Кукушкины слезки нужно нюхать не срывая. Сорвешь – и запах мгновенно улетучивается.
Но цветы почему-то пахли махоркой и пылью. Это обескуражило Никиту Иваныча и, ощупав припухший нос, он встал. Тут же вспомнился Иван Видякин… Бестолковый какой-то день начинался. Пошел к Ивану за одобрением – получил шиш. Верно, теперь он обиделся… Хуже того, подумает, что он, Аникеев, спятил, рехнулся на этом болоте. Почему-то никто ведь, кроме него, жалоб не пишет. Он один строчит и строчит. И сейчас увидел бы Иван, как старик в семьдесят лет ползает на коленках и нюхает цветы, – что бы подумал?..
Но в Москве-то должны знать про журавлей и болото! Ведь и фотографа присылали, значит, точно знают. Тогда почему не шевелятся, почему до сих пор палец о палец не ударили? Никита Иваныч поднял велосипед и покатил его дальше. И вообще, о чем люди думают? Ладно, после войны разруха была, хозяйство народное восстанавливали. Тут уж не до птичек было, люди с голоду мерли. Ну а теперь чего? Все есть, промышленность вон какая, в космос чуть не каждый день летаем. На земле-то, поди, можно порядок навести. Слышно было, заповедников-то много создают: и бобров разводят, и зубров, говорят, снова восстановили. А недавно Иван Видякин рассказывал, будто из Канады овцебыков привезли и в тундре расселили. Зверь диковинный и по размерам чуть ли не второй после слона. Со всеми этими животными понятно, с них есть что взять: и пушнина тебе, и мясо, и шерсть. С черного журавля-то ничего не возьмешь. Красивая птица, да и все. Но из-за редкости да красоты ее и надо держать! Если из одной редкости исходить, тогда и художники нам ни к чему.

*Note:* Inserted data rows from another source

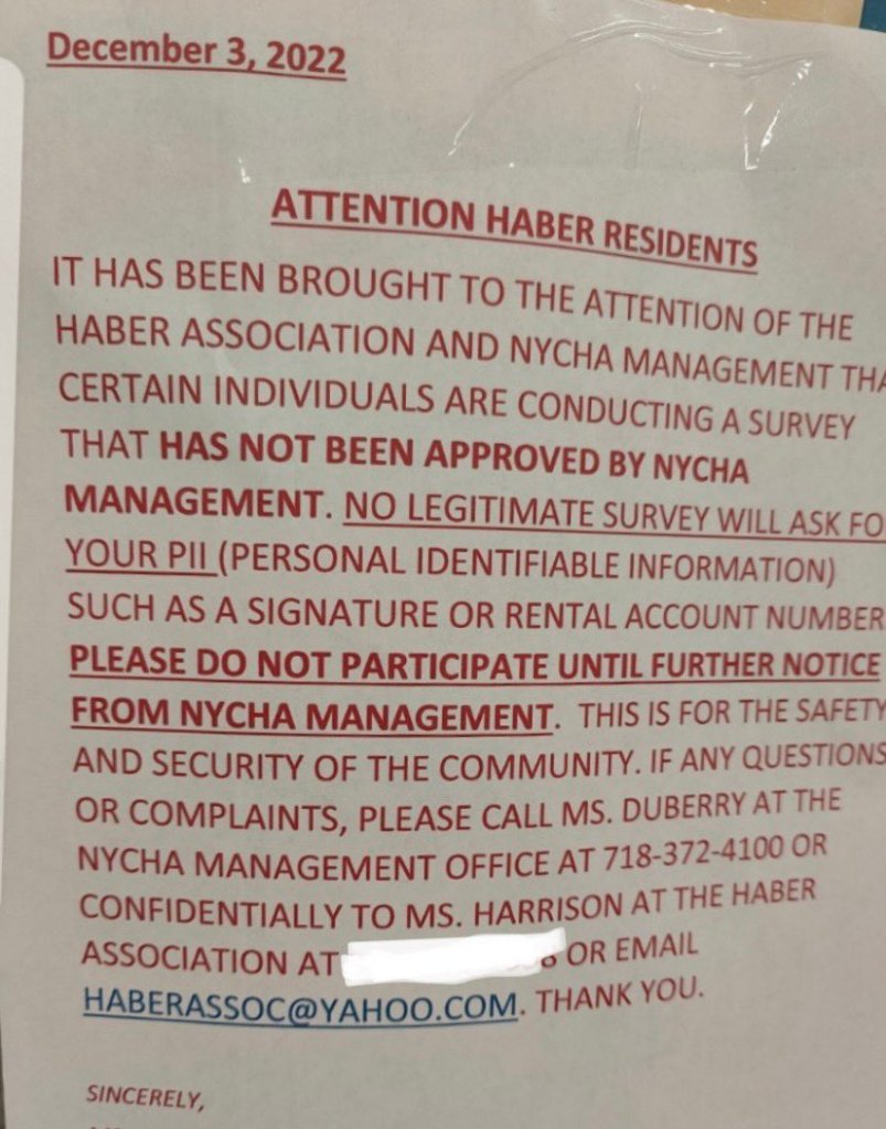 Tenants have faced retaliation from the Haber Tenant Association and NYCHA management. Despite NYCHA’s claim that it cares about tenants’ opinions and right to organize, flyers posted around Haber Houses said it was illegitimate and dangerous for tenants to collect signatures on “a survey that has not been approved by NYCHA management.” Officials have refused to answer basic questions about privatization at NYCHA meetings, especially from non-English speakers.
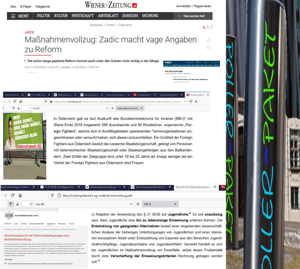 Nach Auskunft des österreichischen Bundesministeriums für Inneres, wie gelesen werden kann, seien zwei Drittel der „Foreign Fighters“ aus Österreich unter 18 bis 25 Jahre. Exemplarisch steht aktuell für die Zielgruppe für das Gesetz auf der Grundlage eines zu reparierendes Gesetzes der in der ersten November-Woche ´20 erschossene Mörder, mit seinen zwanzig Jahren, dessen glaubensgeleiteter Irrweg begann, als er keine oder gerade einmal 18 Jahre …
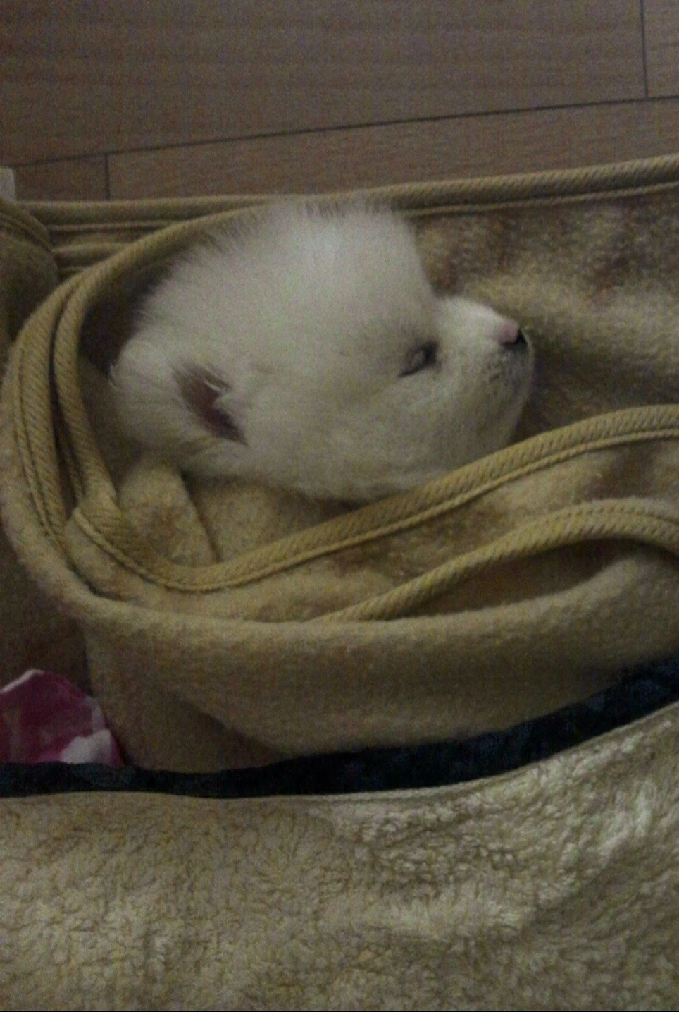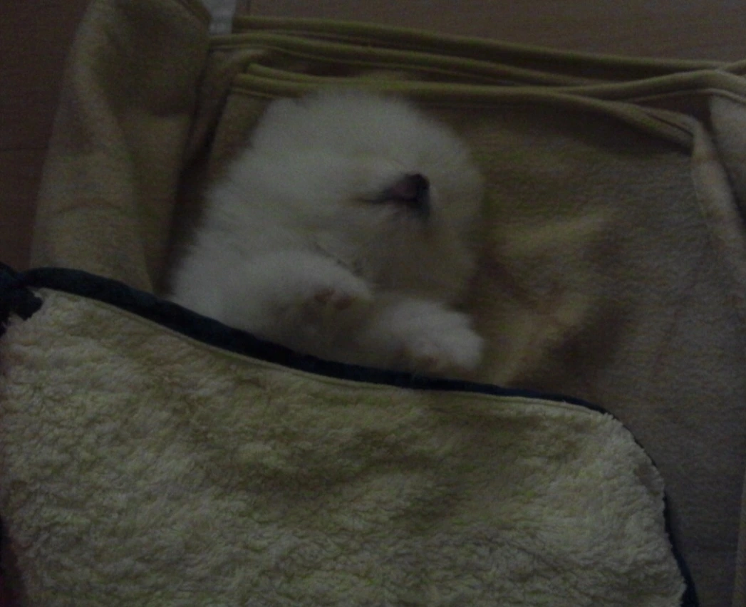 데려온 첫날 아기 강아지가 낯선 환경에 잘 적응할지 걱정되었는데 다행히 너무나 편안하게 잘 자서 우리는 정말 기뻐했다.
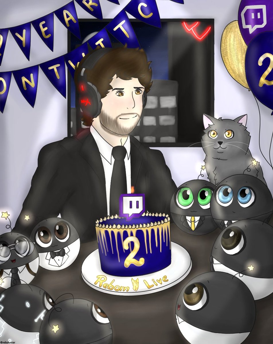 💫 | 2 Years On Twitch!! #Rebornlive #FanartsForReborn #2YearsWithReborn Pd: El dibujo es un re draw de el dibujo del primer aniversario y el diseño de las bolitas son inspirados en los emblemas de sub del canal <3
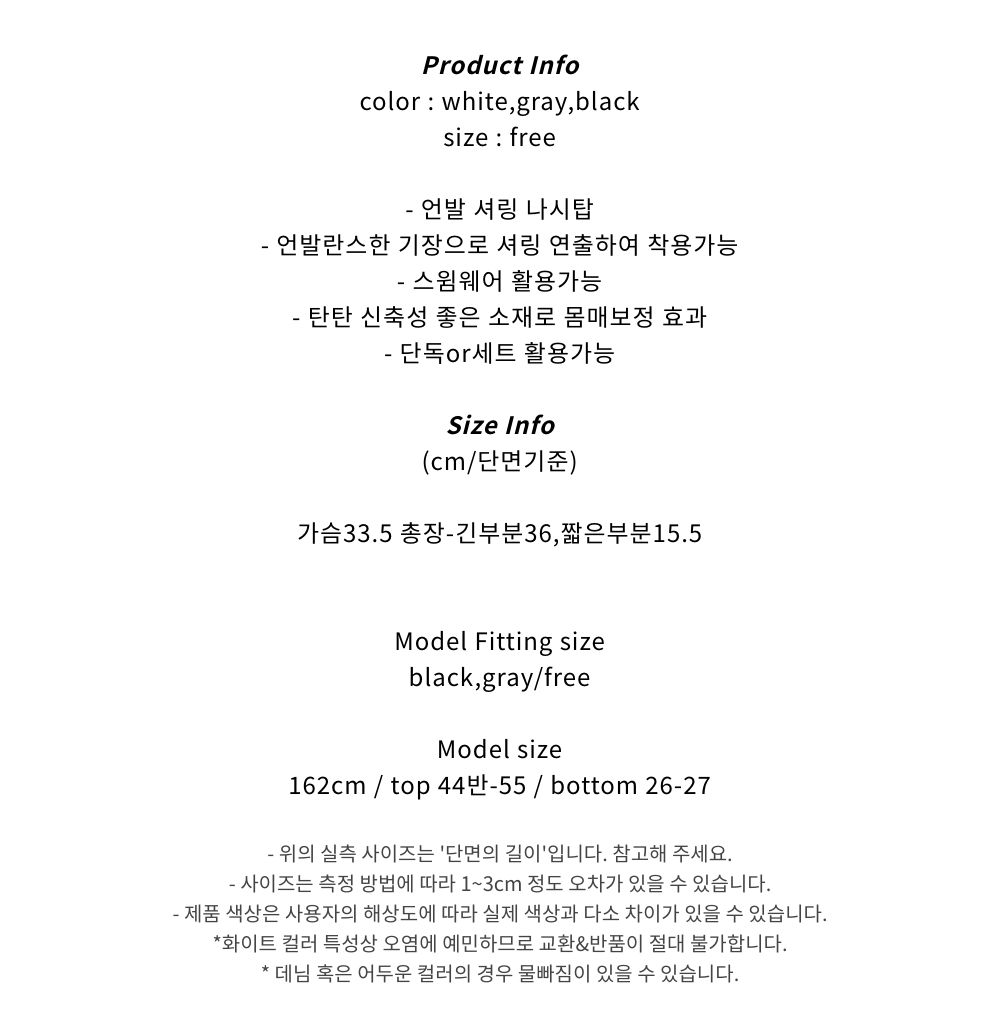y2k 언발 셔링 나시탑 (3color)
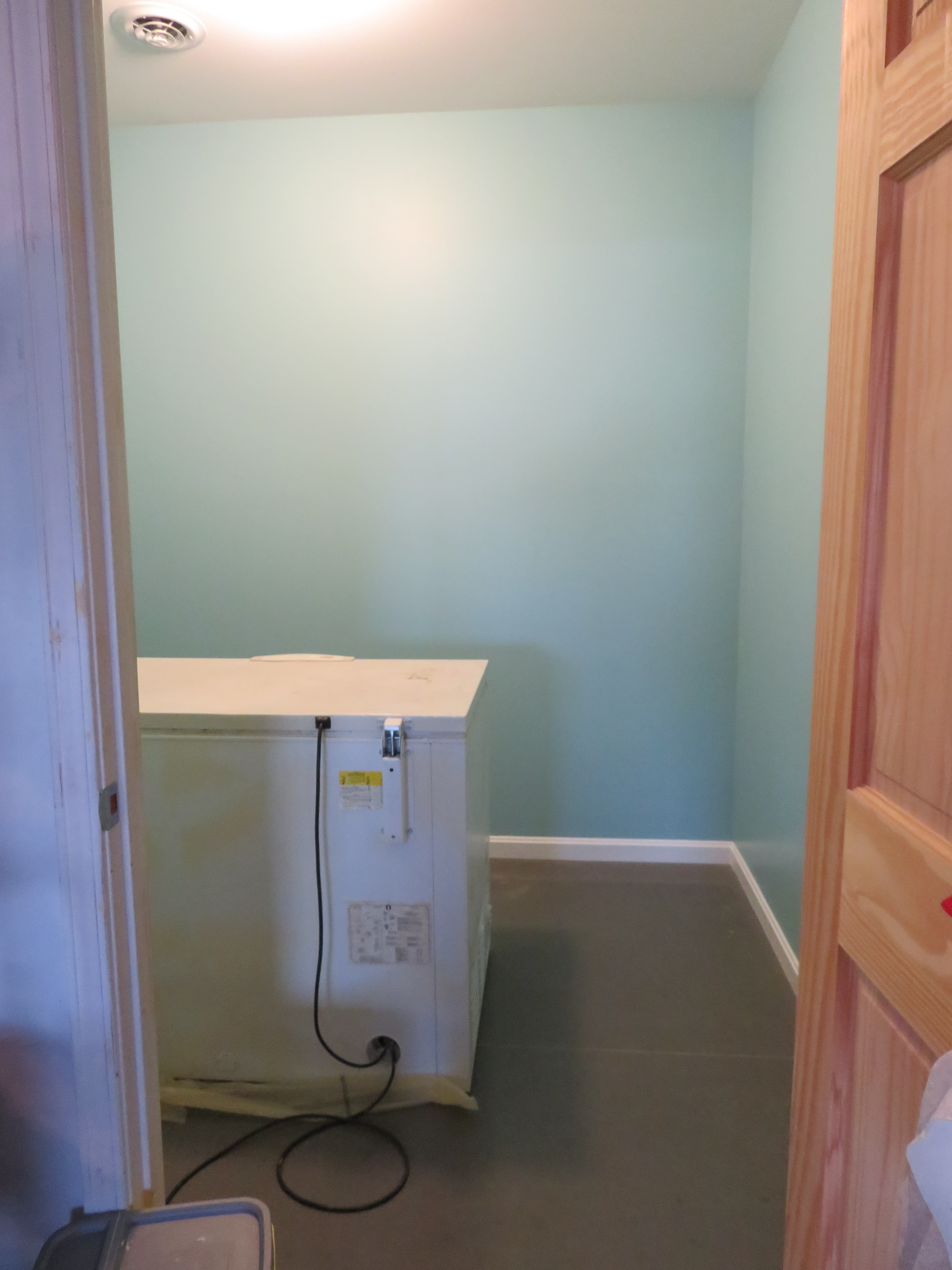 Once everything is out, except the trusty chest freezer which really can’t go anywhere else, there’s plenty of room to install the baseboards and get to work with the filler, sand paper, brushes and cans of light blue paint that the wife chose to adorn the pantry walls.

И от следующей мысли дед Аникеев аж остановился. Вдруг зябко стало, руки ослабли…
А вот возьмут, трахнут атомной бомбой, и все пропадет разом. Ни людей не останется, ни бобров с овцебыками. И журавли сгорят на лету, и болото высохнет. Даже Хозяин, если он все-таки есть, погибнет, и кукушкины слезки. Конечно, раз такая опасность, до птицы ли людям? Обороняться надо, свои бомбы делать – вот куда денежки-то идут. Потому Ивану журавли и не нужны. Он все строится, деньги зарабатывает, чтобы пожить всласть, пока тихо на земле.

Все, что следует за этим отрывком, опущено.